FRUSTRATED Alton town councillor Gideon Cristofoli has likened the council’s workings to a Franz Kafka story.

Kafka’s fictional worlds had a nightmarishly complex, bizarre or illogical quality.

Cllr Cristofoli made the analogy after the policy and resources committee pledged £40,000 for a mountain biking pump track.

The council claimed in an earlier public consultation the cash came from renting land for a phone mast.

He said: “I raised the pump track issue and they repeated their line that the consultation was accurate. As a result I voted against the budget, which allocated £40,000 of reserves to it.

“I proposed a motion that £40,000 should be set aside for the maintenance and dredging of Kings Pond, and it was opposed. They changed the motion to a vague allocation of the funds to open spaces.

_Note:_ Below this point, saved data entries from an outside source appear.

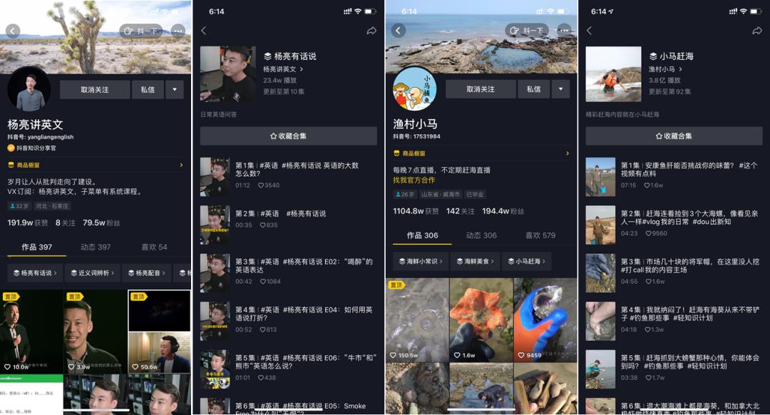 有的主播还会将优质短视频内容做分类,做成内容合集放在首页,方便用户在第一时间感受到账号内容的价值而关注主播。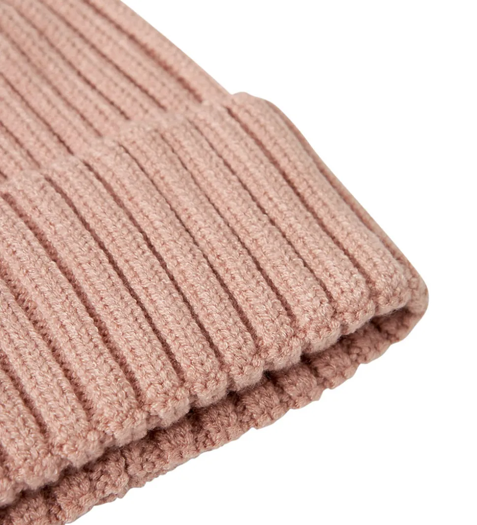 Charmerende Name It hue i en delikat lyserød farve. Huen har en tydelig strikket, ribstruktur, der tilføjer tekstur og dybde. Det foldede kantdesign giver ekstra volumen og stil, hvilket gør Name It huen til et praktisk valg. Designet er både enkelt og funktionelt, med en klassisk silhuet. Den bløde nuance gør den nem at matche med andre beklædningsdele.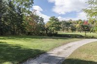 This is an image of a lush landscape in Ontario, Canada. The photo captures a beautiful autumn day with green grass, vibrant trees, and colorful leaves. The sunlight shines through the clouds, creating a play of light and shade on the groundcover. A gravel path leads through the forest, providing a recreational area for visitors. This picture represents the natural beauty of Ontario, with its vast forests, well-maintained parks, and recreational spaces. It is a perfect illustration of the serene and inviting environment found in Toronto, Canada's largest city.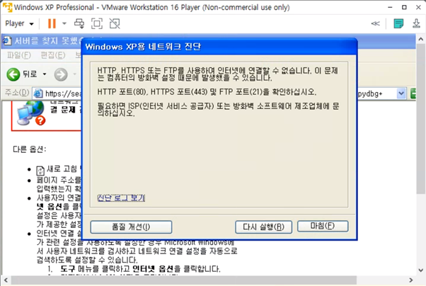 xp버전의 경우 네트워크 오류 발생으로 작동이 되지 않았다.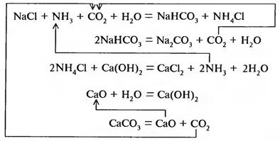 Последовательность химических взаимодействий удобно представить и такой схемой, как, например, производство соды Nа2 СОз из поваренной соли NaClи известняка СаС03 :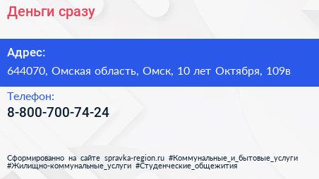 Деньги сразу по адресу 644070, Омская область, Омск, 10 лет Октября, 109в в дальнейшем Организация, размещена в следующих категориях:

“It feels like I’m living out a Kafka play where one rule is applied to favoured projects and then the opposite to 
others.”

Committee chairman Cllr Graham Titterington said: “I can assure you that we do not debate in a Kafkaesque fashion.

“The committee thought it premature to allocate the money specifically to Kings Pond as currently we do not have a management plan for Kings Pond, costed and backed by expert opinion, detailing what actions are needed.

“The committee is certainly not anti-Kings Pond and by allocating these reserves to open spaces it nudged expenditure in that direction, but without closing off other projects that might arise with a greater urgency or which might deliver greater community benefit.

“In any event it was felt that choosing between open spaces projects was a matter for consideration at open spaces 
committee.”

Cllr Titterington said the online consultation about the pump track at Anstey Park was “to check that the public are still behind this scheme”.

He added: “It is something that we have been discussing for a long time, I think at least a couple of years.

“It was formally included in the budget last year, which was passed by both policy and resources committee and by full council last year, but work has got delayed into the coming financial year.

“I am surprised a councillor who was on these committees at the time should withdraw his support at this late stage.”